The neighborhood had changed.
He hadn’t expected it to look the same, not after twelve years, but neither had he expected so overwhelming a transformation. He got off the elevated train at Cannon Road, and then came down the steps onto Dover Plains Avenue, called simply and familiarly “the Avenue” when he was still living here. The area then had been a peaceful mix of Italians, Jews, Irish, and blacks, but as he walked up toward Marien Street, he noticed with a fleeting pang that time had passed him by, all the familiar landmarks were gone.
What had once been an Italian latticini was now a Puerto Rican bodega. What had once been a kosher butcher shop was now a billiard parlor; through the open door of the place, he could see clusters of teenage Puerto Ricans holding pool cues. The pizzeria on the corner of Yardley was now a bar and grill, and Harry’s candy store — where he used to take the kids for ice-cream sundaes — was now a shoe store, a huge sign lettered Zapatería across the front of it, a plate-glass window replacing the open counter over which Harry used to pass his egg creams. All gone, he thought. My two youngest kids living in Chicago with Josie’s mother now, and my eldest, my daughter — ah, my daughter.
He was back here today to find his daughter.

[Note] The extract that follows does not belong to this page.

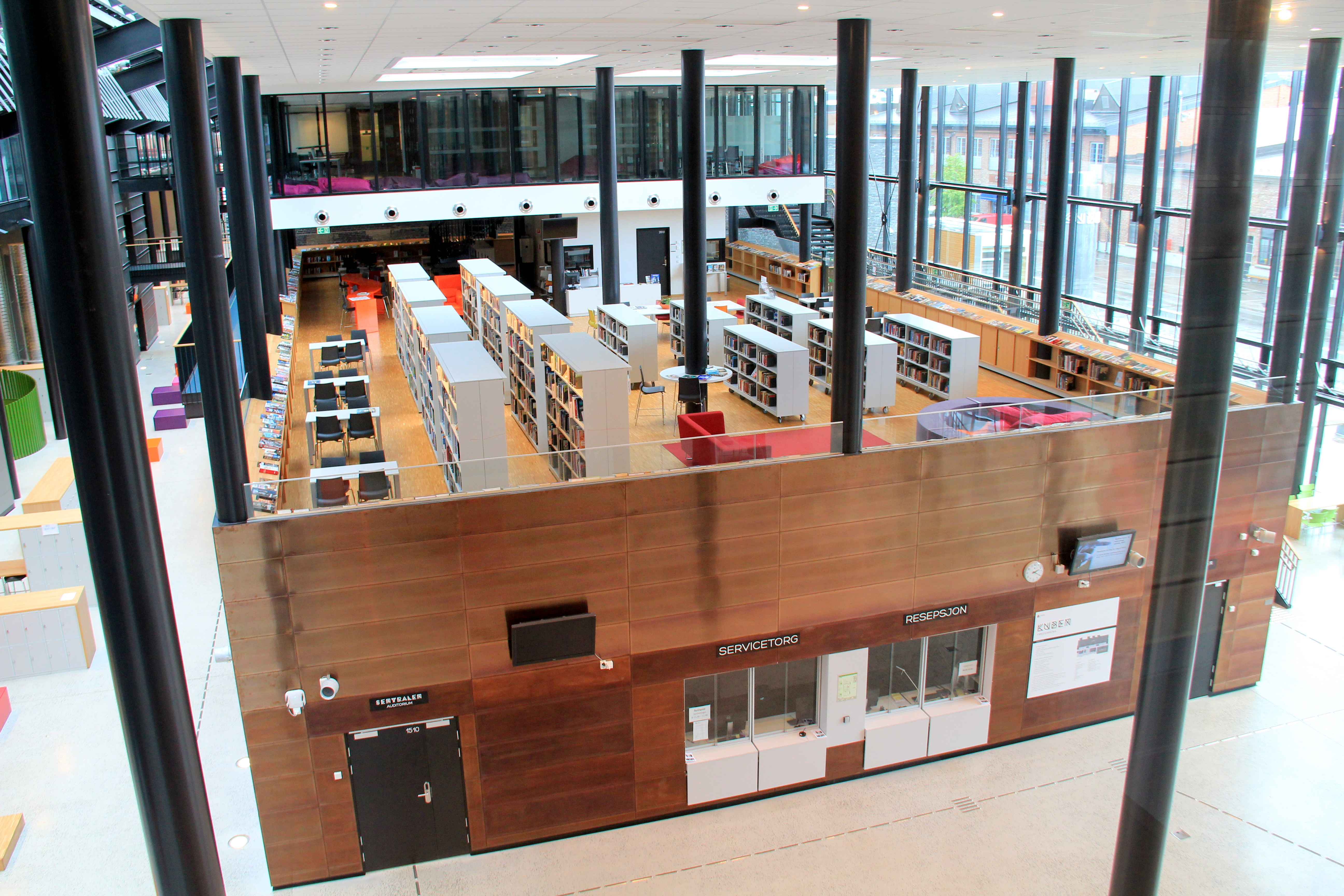 The Library at Kuben Upper Secondary School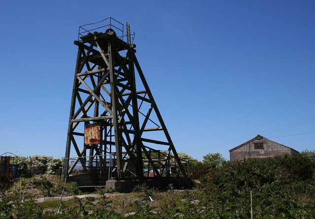 Winding Gear at Skinner's Bottom. This looks to be winding gear for a small mineshaft. It also looks to be derelict. My thanks go to Malcolm Kewn for providing the following explanation: "This is the headgear of Wheal Concord, which was reopened in 1980, and visited by the Duke of Cornwall in 1981, who went underground during his visit. Tin output failed to reach expectations, however, and the tin market crash of 1985 proved to be the killer blow for this venture. The mine closed in 1986, hence the dereliction evident in the photo."

He had last seen this neighborhood when he was twenty-seven years old. A young man. Twenty-seven. He would be forty in November, twelve years of his life blown in prison. Moira had been six when they sent him away, she’d just turned eighteen this past June, he hadn’t seen her in all that time. He wondered if she would recognize him. He was a tall man — they didn’t shrink you up there at Castleview, though they did just about everything else to you — and still muscularly built, thanks to workouts in the prison gym, never missed a day of lifting those weights, except that time he was in solitary for a month, that was after the stabbing that cost him a sure parole and an additional two years of time.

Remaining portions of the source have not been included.